DATASET CONTENT ▸

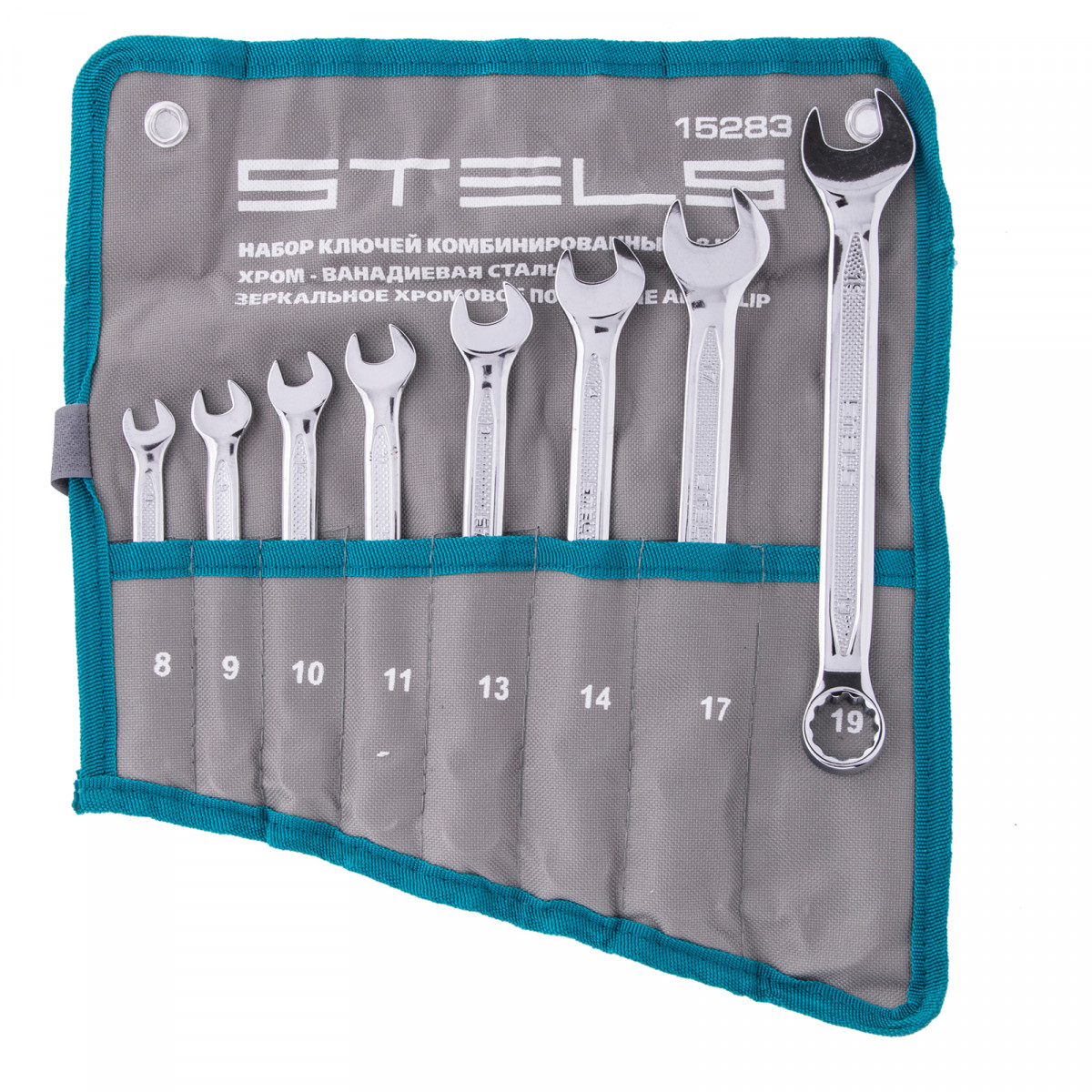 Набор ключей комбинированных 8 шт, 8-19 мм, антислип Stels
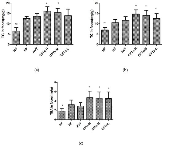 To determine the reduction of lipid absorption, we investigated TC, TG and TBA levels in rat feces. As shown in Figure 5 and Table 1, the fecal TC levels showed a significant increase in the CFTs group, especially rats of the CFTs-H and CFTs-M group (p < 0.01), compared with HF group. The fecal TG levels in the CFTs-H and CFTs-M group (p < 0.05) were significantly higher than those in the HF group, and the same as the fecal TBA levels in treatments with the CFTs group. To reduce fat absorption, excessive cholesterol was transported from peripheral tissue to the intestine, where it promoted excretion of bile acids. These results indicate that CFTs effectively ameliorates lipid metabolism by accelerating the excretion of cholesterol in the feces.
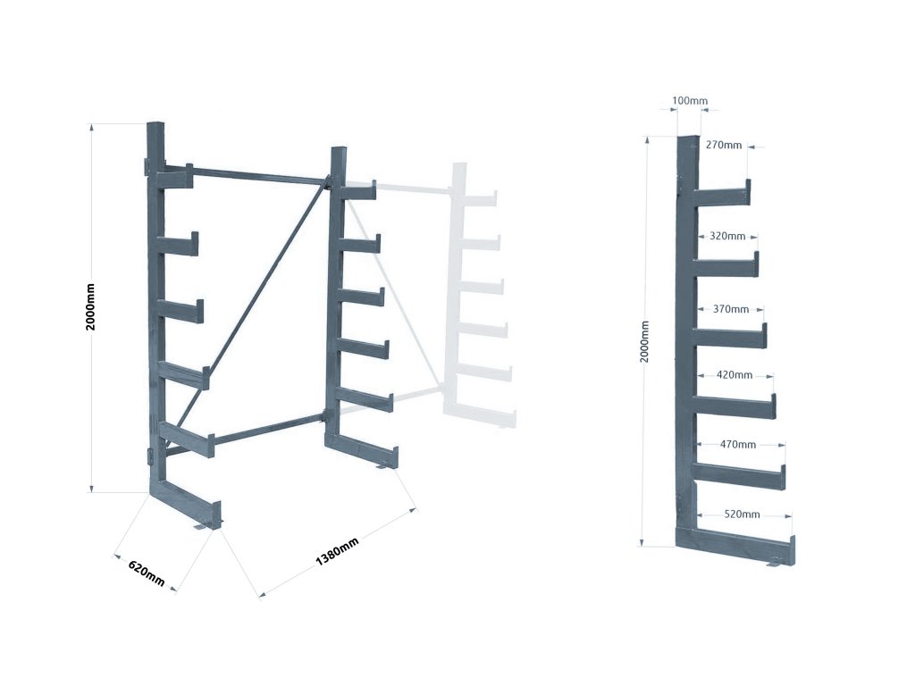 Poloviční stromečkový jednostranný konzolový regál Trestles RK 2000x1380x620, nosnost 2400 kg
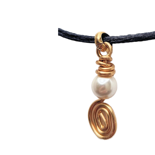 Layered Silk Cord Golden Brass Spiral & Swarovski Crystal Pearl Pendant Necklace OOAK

PROBLEM DESCRIPTION ▸
Please repeat everything in the data above except the pictures, exactly as it reads.

RESULT ▸
 Набор ключей комбинированных 8 шт, 8-19 мм, антислип Stels
 To determine the reduction of lipid absorption, we investigated TC, TG and TBA levels in rat feces. As shown in Figure 5 and Table 1, the fecal TC levels showed a significant increase in the CFTs group, especially rats of the CFTs-H and CFTs-M group (p < 0.01), compared with HF group. The fecal TG levels in the CFTs-H and CFTs-M group (p < 0.05) were significantly higher than those in the HF group, and the same as the fecal TBA levels in treatments with the CFTs group. To reduce fat absorption, excessive cholesterol was transported from peripheral tissue to the intestine, where it promoted excretion of bile acids. These results indicate that CFTs effectively ameliorates lipid metabolism by accelerating the excretion of cholesterol in the feces.
 Poloviční stromečkový jednostranný konzolový regál Trestles RK 2000x1380x620, nosnost 2400 kg
 Layered Silk Cord Golden Brass Spiral & Swarovski Crystal Pearl Pendant Necklace OOAK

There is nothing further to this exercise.